▼

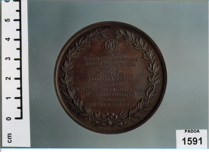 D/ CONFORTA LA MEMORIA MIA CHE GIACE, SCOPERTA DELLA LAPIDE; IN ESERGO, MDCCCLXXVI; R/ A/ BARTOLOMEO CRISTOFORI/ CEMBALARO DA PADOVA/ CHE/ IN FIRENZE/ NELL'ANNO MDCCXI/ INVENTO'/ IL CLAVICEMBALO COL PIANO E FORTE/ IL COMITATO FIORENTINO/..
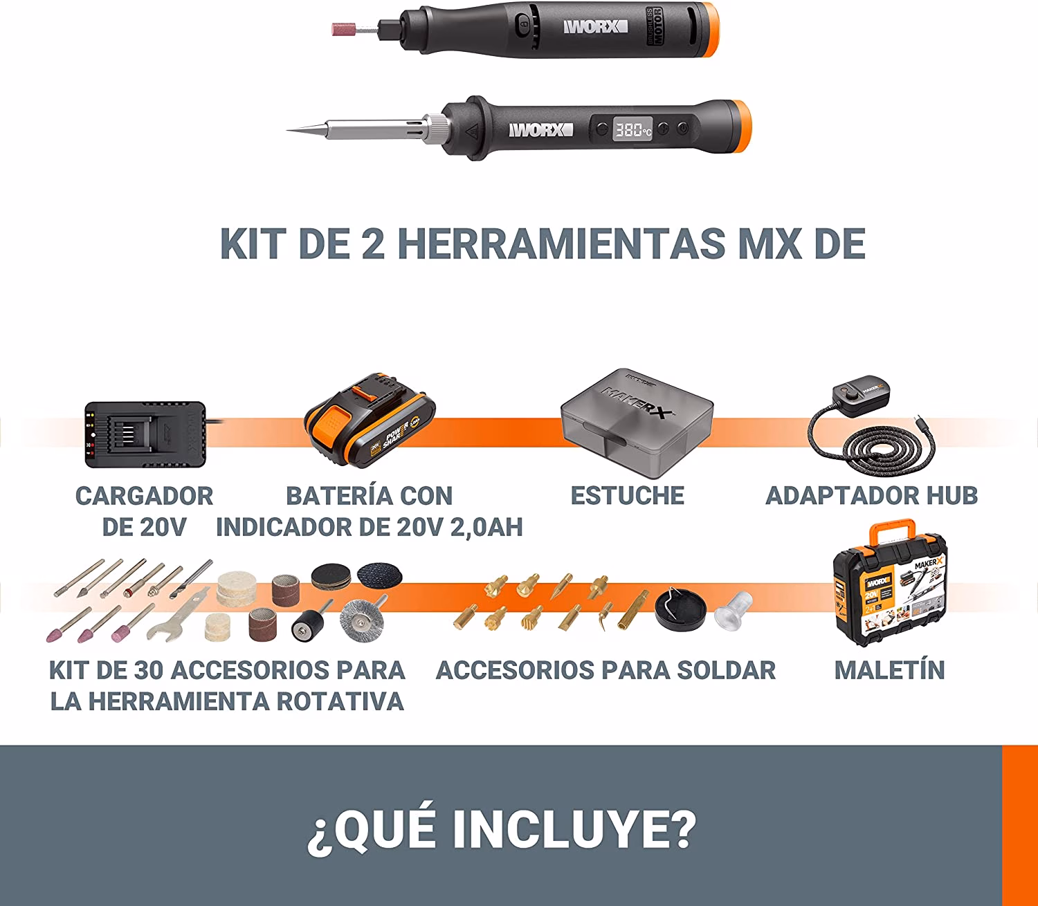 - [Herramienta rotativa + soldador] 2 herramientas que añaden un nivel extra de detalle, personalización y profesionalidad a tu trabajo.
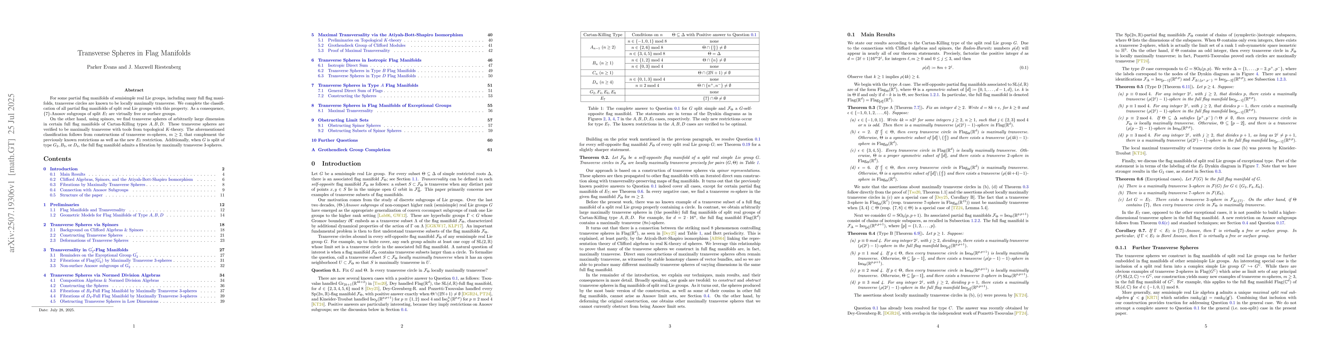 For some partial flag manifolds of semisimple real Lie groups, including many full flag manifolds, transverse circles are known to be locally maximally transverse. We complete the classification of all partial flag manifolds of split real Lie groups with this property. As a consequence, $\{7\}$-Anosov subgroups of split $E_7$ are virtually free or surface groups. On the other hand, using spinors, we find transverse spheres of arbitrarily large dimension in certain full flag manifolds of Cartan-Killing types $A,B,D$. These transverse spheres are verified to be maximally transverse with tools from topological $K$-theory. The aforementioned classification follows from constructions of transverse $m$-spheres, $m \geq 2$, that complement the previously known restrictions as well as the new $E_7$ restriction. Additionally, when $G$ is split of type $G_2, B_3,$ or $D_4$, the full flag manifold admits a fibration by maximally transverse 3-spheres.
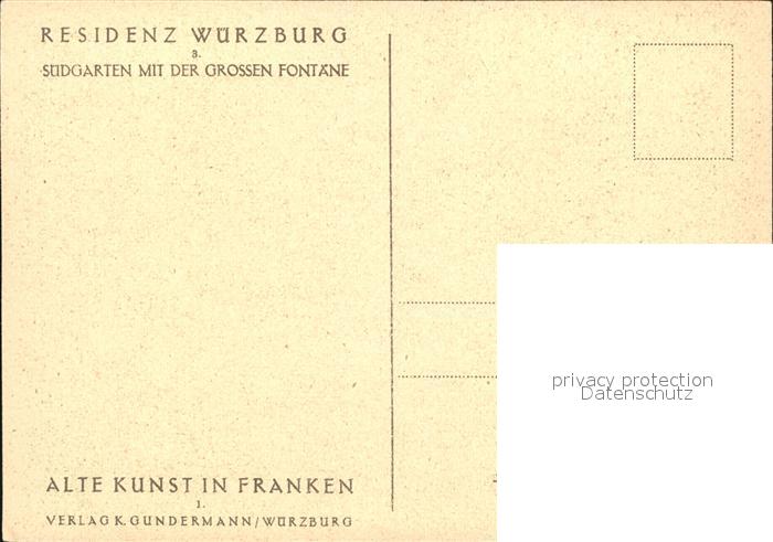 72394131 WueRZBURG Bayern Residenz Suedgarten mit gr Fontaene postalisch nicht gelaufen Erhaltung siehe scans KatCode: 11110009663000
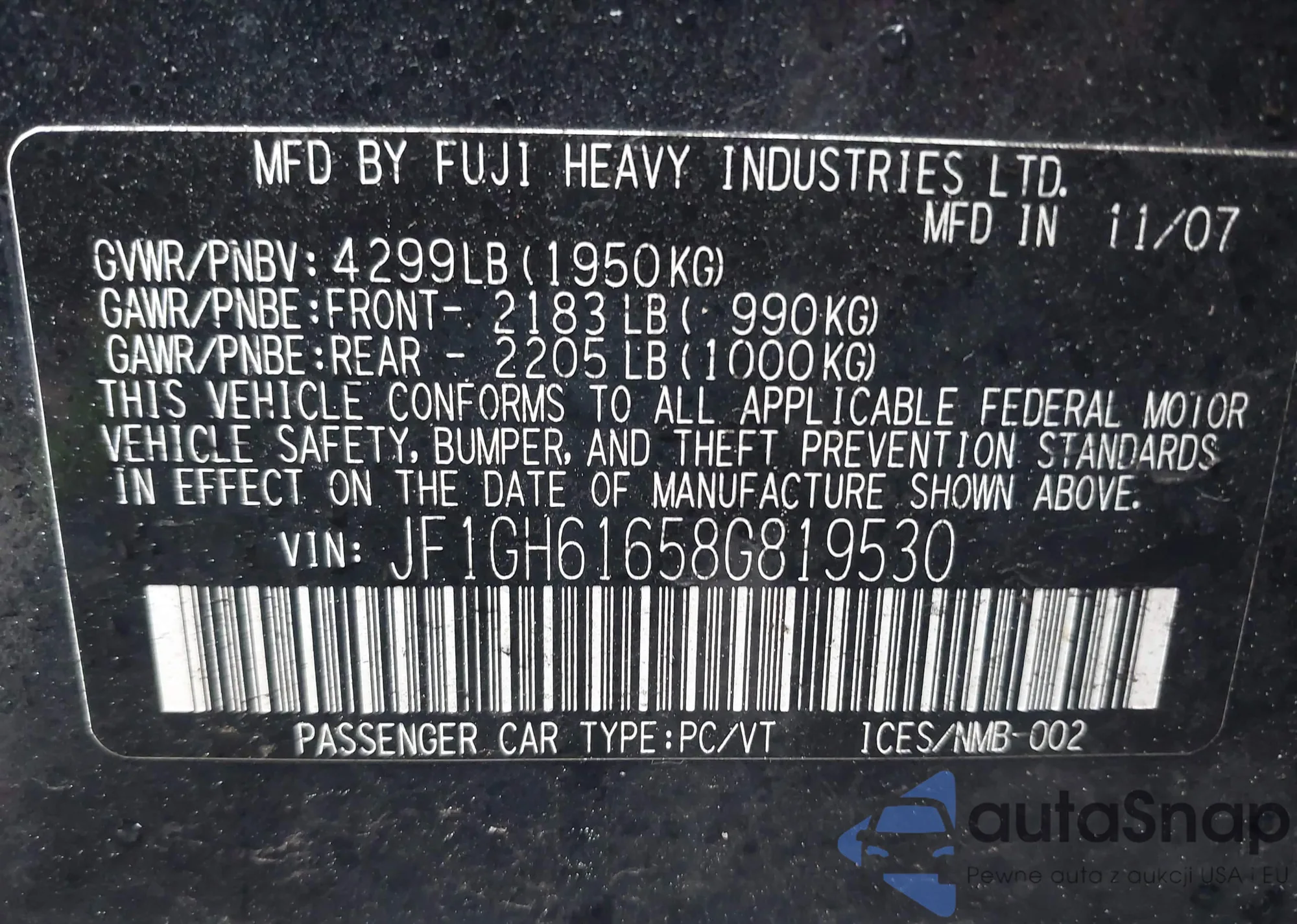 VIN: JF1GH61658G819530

▲

- [Task goal]: Each line above that falls between the line with "For some partial" and the line with "72394131 WueRZBURG Bayern" should be printed exactly, together with those two lines, but the pictures should not.

- [Exercise output]:
 For some partial flag manifolds of semisimple real Lie groups, including many full flag manifolds, transverse circles are known to be locally maximally transverse. We complete the classification of all partial flag manifolds of split real Lie groups with this property. As a consequence, $\{7\}$-Anosov subgroups of split $E_7$ are virtually free or surface groups. On the other hand, using spinors, we find transverse spheres of arbitrarily large dimension in certain full flag manifolds of Cartan-Killing types $A,B,D$. These transverse spheres are verified to be maximally transverse with tools from topological $K$-theory. The aforementioned classification follows from constructions of transverse $m$-spheres, $m \geq 2$, that complement the previously known restrictions as well as the new $E_7$ restriction. Additionally, when $G$ is split of type $G_2, B_3,$ or $D_4$, the full flag manifold admits a fibration by maximally transverse 3-spheres.
 72394131 WueRZBURG Bayern Residenz Suedgarten mit gr Fontaene postalisch nicht gelaufen Erhaltung siehe scans KatCode: 11110009663000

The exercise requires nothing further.